Jungforscherinnen zu Gast in Brüssel
Annabelle Maria Krick und Pauline Anna Hallmann aus Homburg erlebten drei spannende Tage in der europäischen Hauptstadt.
Die Jungforscherinnen aus Homburg wurden - neben weiteren sechs ähnlich erfinderischen Teams aus jeweils anderen Bundesländern - nach Brüssel eingeladen, um ihre Forschungsergebnisse auf der europäischen Bühne zu präsentieren.
30.11.2010 Begrüßung der Jungforscherinnen in Brüssel durch Minister Stephan Toscani und Landrat Clemens Lindemann in der Saarländischen Landesvertretung bei der EU.
01.12.2010 Vortrag und Präsentation der Ergebnisse in der Hessischen Landesvertretung. Begrüßt wurden die jungen Wissenschaftler durch Frau Nicola Beer, Hessische Staatssekretärin für Europangelegenheiten und Herrn Waldemar Kütt, Mitglied des Kabinetts von Kommissarin Máire Geoghegean-Quinn, Europäische Kommission.
02.12.2010 Einladung in die Ständige Vertretung der Bundesrepublik Deutschland und Treffen mit Herrn Dr. Erik Hansalek aus dem Referat für Bildung und Forschung.

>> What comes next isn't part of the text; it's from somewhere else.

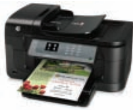
HP Officejet 6500A Special Edition e-All-in-One

Get professional colour and laser performance at a low cost per page. Print from mobile devices with HP ePrint 2 . Built-in networking and auto 2-sided printing options available 3 . (Wireless 4 and 2-sided printing on HP Officejet 6500A Plus only)

Bild: Ehrung von ausgewählten Jugend-forscht-Preisträgern durch die Hessische Staatssekretärin für Europaangelegenheiten, Nicola Beer (2. von rechts), im Beisein von Mitarbeitern der EU-Kommission und Abgeordneten des Europaparlaments. Die Powerpoint-Vorträge der jugendlichen Forscher und Forscherinnen wurden moderiert von Frau Dr. Christiane Gräf, Wettbewerbsleiterin „Jugend forscht“ Hessen (1. von links). Die jüngsten Ehrengäste aus dem deutschen Forschernachwuchs waren Pauline Anna Hallmann (3. von links) und Annabelle Maria Krick (9. von links) aus dem Homburger Saarpfalz-Gymnasium. (Quelle: Dr. Krick)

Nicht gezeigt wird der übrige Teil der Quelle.